- THE DATA -
· · ·

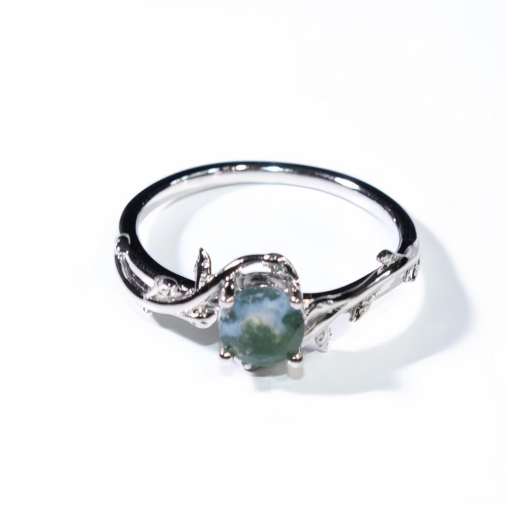 Круглое обручальное кольцо из мохового агата Кольца из мохового агата Sliver Promise
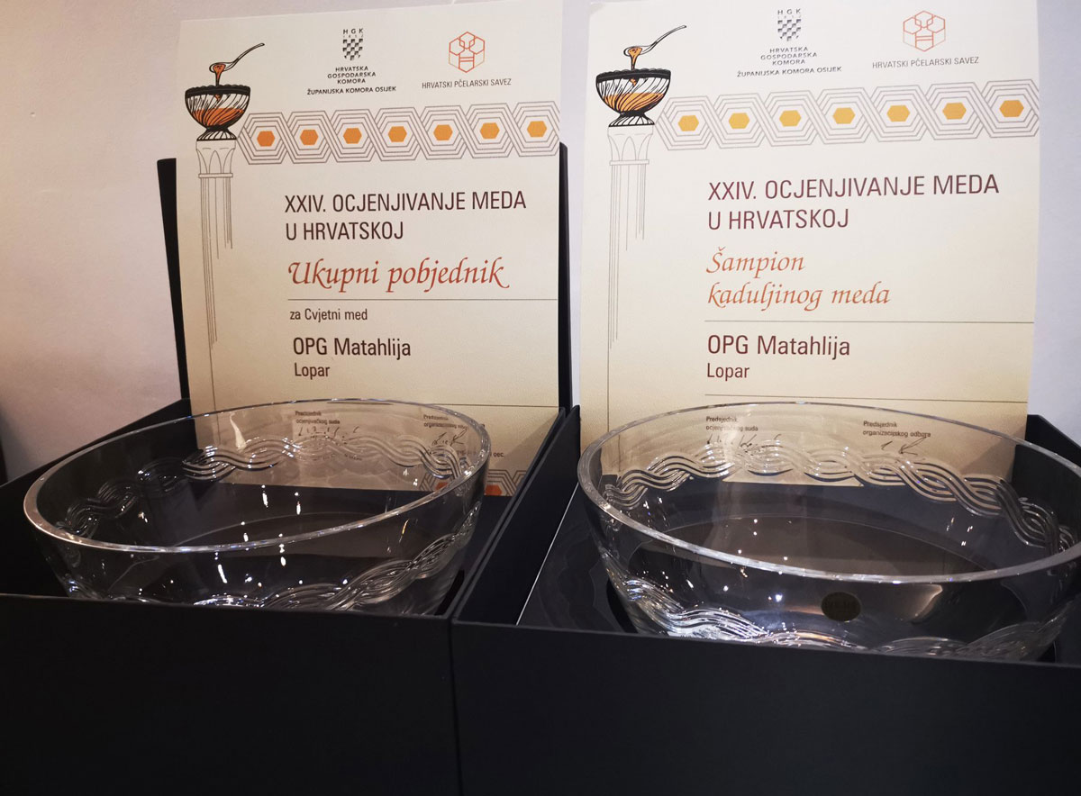 Naime na XXIV. ocjenjivanju meda u organizaciji HGK – Županijska komora Osijek i Hrvatskog pčelarskog saveza, OPG Matahlija osvojio je sve što se dalo osvojiti. Matahlije su ukupni pobjednici za najbolji med u Hrvatskoj (smilje – kategorija cvjetni med), imaju najbolji med od kadulje u Hrvatskoj te zlato za med od drače.
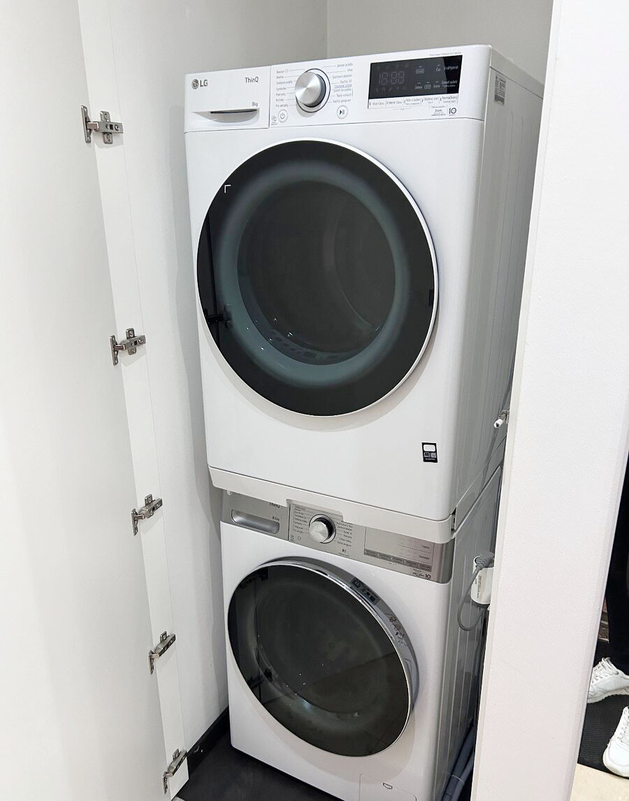 K dispozícii sú všetky potrebné spotrebiče vrátane práčky a – čo je veľkým bonusom – aj samostatnej sušičky.
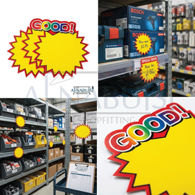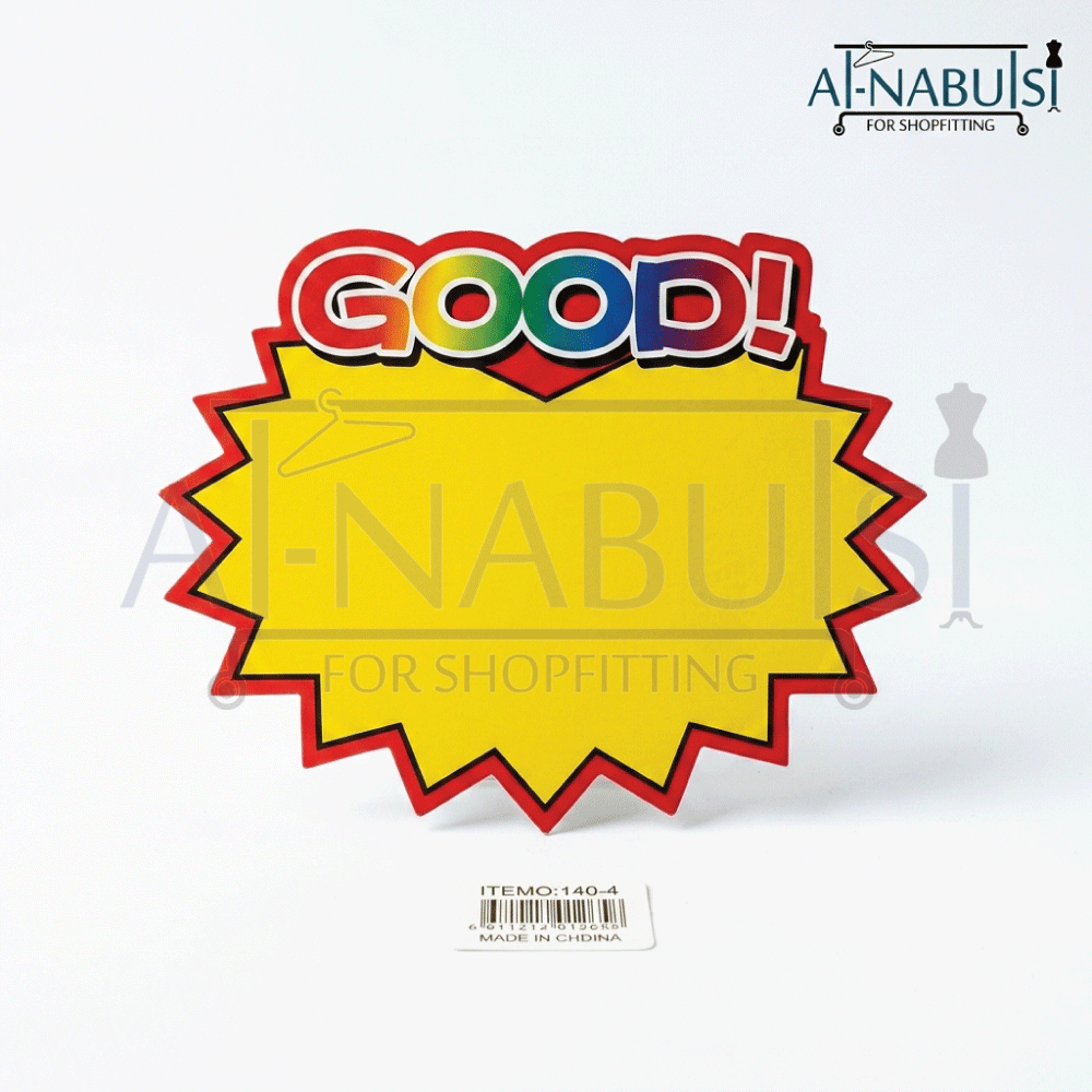 يتميز الليبل باللون الأصفر مع هوامش حمراء لإبراز المعلومات بسرعة وسهولة، ويأتي مع كلمة "Good!" لتضيف لمسة مميزة وجذابة للمنتجات.
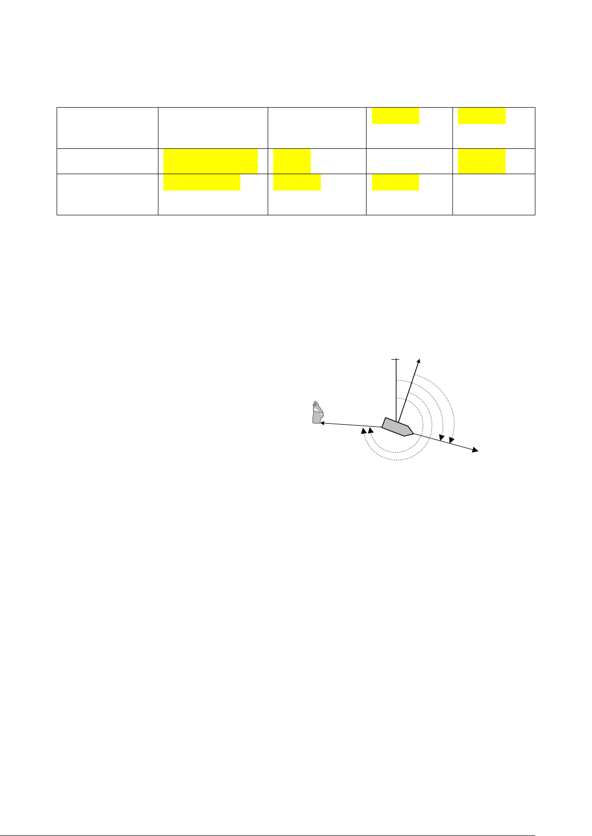 8. Hãy tính và điền các ô còn trống ở bảng bên dưới, biết: Hướng chạy tàu Ht = 550, độ
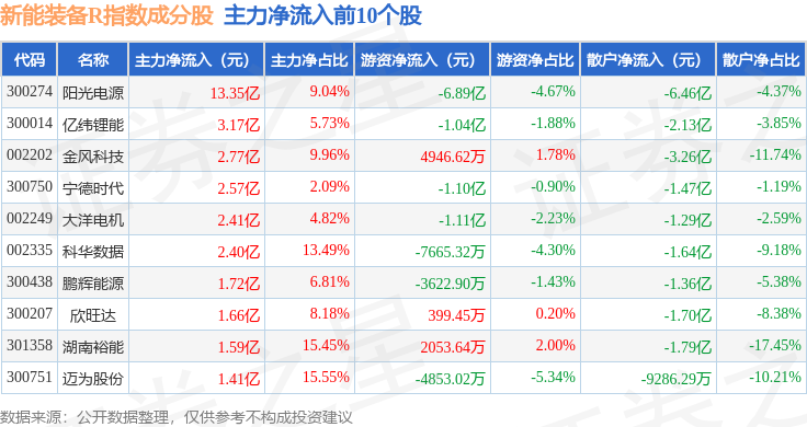 资金流向方面,新能装备R(470043)指数成份股当日主力资金净流入合计38.8亿元,游资资金净流出合计10.32亿元,散户资金净流出合计28.48亿元。成份股资金流向详情见下表:
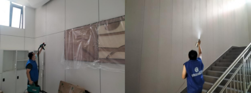 施工第1道:完全分解空氣中游離態(tài)污染物,采用方法:全空間霧化技術(空調(diào)新風窗戶需關閉)。
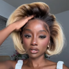 Ombre 613 Blonde Bob With Black Root 13x4 Lace Front Wig
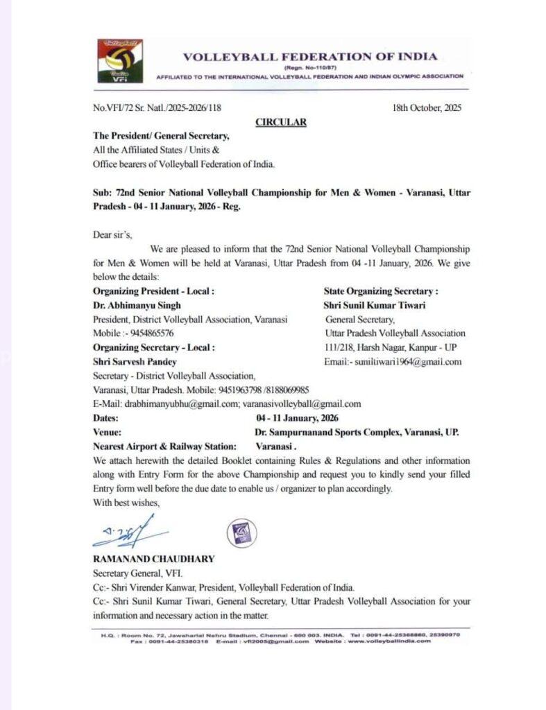 ಅಕ್ಟೋಬರ್ 18 ರಂದು ಭಾರತೀಯ ವಾಲಿಬಾಲ್ ಫೆಡರೇಶನ್ (ವಿಎಫ್ಐ) ಕಳುಹಿಸಿರುವ ಸುತ್ತೋಲೆಯ ಪ್ರಕಾರ, ಪುರುಷರು ಮತ್ತು ಮಹಿಳೆಯರ 72 ನೇ ಸೀನಿಯರ್ ರಾಷ್ಟ್ರೀಯ ವಾಲಿಬಾಲ್ ಚಾಂಪಿಯನ್ಶಿಪ್ ಉತ್ತರ ಪ್ರದೇಶದ ವಾರಣಾಸಿಯಲ್ಲಿ ಜನವರಿ 04, ರಿಂದ 11, 2026 ರವರೆಗೆ ನಡೆಯಲಿದೆ.
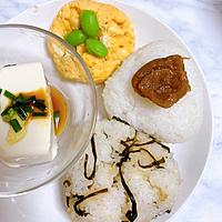- 7 大葉を敷いたお皿に、5、白いりごま、6、梅干し、絹ごし豆腐、4、小ねぎ、3、枝豆、1、ぶどうを盛り付けて完成です。
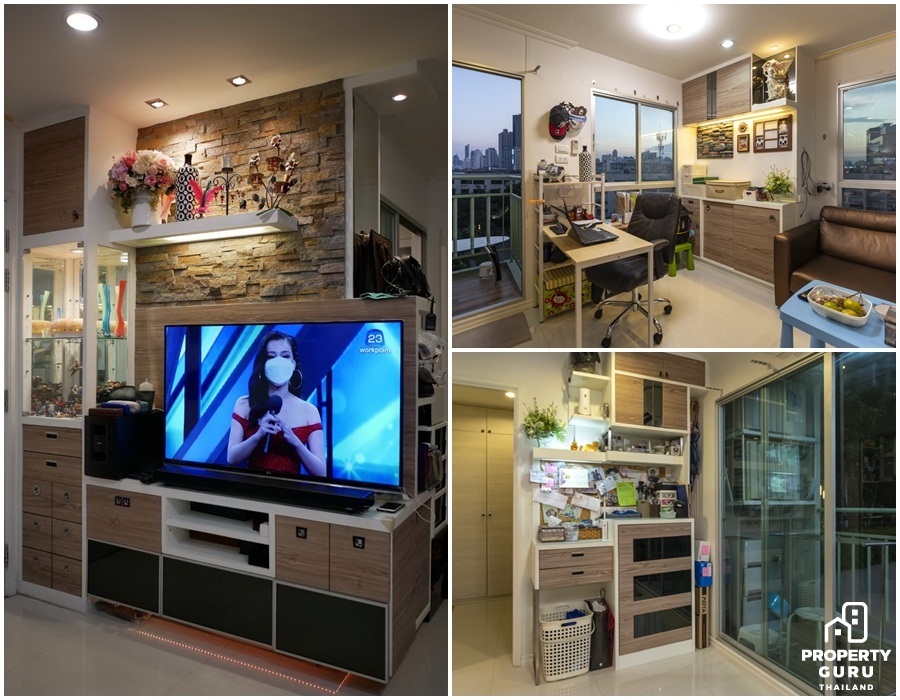 มองว่าห้องแบบ 1 ห้องนอน ขนาด 37.5 ตร.ม. ที่โครงการนี้เค้าค่อนข้างที่จะจัดออกมาเป็นสัดส่วนจึงไม่ได้ทำให้รู้สึกว่าเล็กเกินไปหรืออึดอัดอะไร ส่วนหนึ่งอาจเพราะเราไม่ได้เลี้ยงลูกอยู่กับบ้านทั้งวันตลอดเวลา เช้าก็ไปส่งลูก หลังจากนั้นก็ไปทำงาน จะใช้เวลาอยู่ในคอนโดก็เพียงแค่ช่วงเย็นๆ และวันหยุดเท่านั้น อย่างเวลาที่เราจะประชุม แต่ลูกอยากเล่นเกมส์กับเพื่อน เราก็ย้ายเข้ามาในห้องนอนก็ได้ เพราะห้องของเรากั้นแบ่งเป็นสัดส่วนชัดเจนอยู่แล้ว

· · ·

- EXERCISE -
In the records above, find the line containing "- 7 大葉を敷いたお皿に、5、白いりごま、6、梅干し、絹ごし豆腐、4、小ねぎ、3、枝豆、1、ぶどうを盛り付けて完成です。" and output every line from the first through that one, exactly, omitting pictures.

- EXERCISE OUTPUT -
 Круглое обручальное кольцо из мохового агата Кольца из мохового агата Sliver Promise
 Naime na XXIV. ocjenjivanju meda u organizaciji HGK – Županijska komora Osijek i Hrvatskog pčelarskog saveza, OPG Matahlija osvojio je sve što se dalo osvojiti. Matahlije su ukupni pobjednici za najbolji med u Hrvatskoj (smilje – kategorija cvjetni med), imaju najbolji med od kadulje u Hrvatskoj te zlato za med od drače.
 K dispozícii sú všetky potrebné spotrebiče vrátane práčky a – čo je veľkým bonusom – aj samostatnej sušičky.
 يتميز الليبل باللون الأصفر مع هوامش حمراء لإبراز المعلومات بسرعة وسهولة، ويأتي مع كلمة "Good!" لتضيف لمسة مميزة وجذابة للمنتجات.
 8. Hãy tính và điền các ô còn trống ở bảng bên dưới, biết: Hướng chạy tàu Ht = 550, độ
 资金流向方面,新能装备R(470043)指数成份股当日主力资金净流入合计38.8亿元,游资资金净流出合计10.32亿元,散户资金净流出合计28.48亿元。成份股资金流向详情见下表:
 施工第1道:完全分解空氣中游離態(tài)污染物,采用方法:全空間霧化技術(空調(diào)新風窗戶需關閉)。
 Ombre 613 Blonde Bob With Black Root 13x4 Lace Front Wig
 ಅಕ್ಟೋಬರ್ 18 ರಂದು ಭಾರತೀಯ ವಾಲಿಬಾಲ್ ಫೆಡರೇಶನ್ (ವಿಎಫ್ಐ) ಕಳುಹಿಸಿರುವ ಸುತ್ತೋಲೆಯ ಪ್ರಕಾರ, ಪುರುಷರು ಮತ್ತು ಮಹಿಳೆಯರ 72 ನೇ ಸೀನಿಯರ್ ರಾಷ್ಟ್ರೀಯ ವಾಲಿಬಾಲ್ ಚಾಂಪಿಯನ್ಶಿಪ್ ಉತ್ತರ ಪ್ರದೇಶದ ವಾರಣಾಸಿಯಲ್ಲಿ ಜನವರಿ 04, ರಿಂದ 11, 2026 ರವರೆಗೆ ನಡೆಯಲಿದೆ.
- 7 大葉を敷いたお皿に、5、白いりごま、6、梅干し、絹ごし豆腐、4、小ねぎ、3、枝豆、1、ぶどうを盛り付けて完成です。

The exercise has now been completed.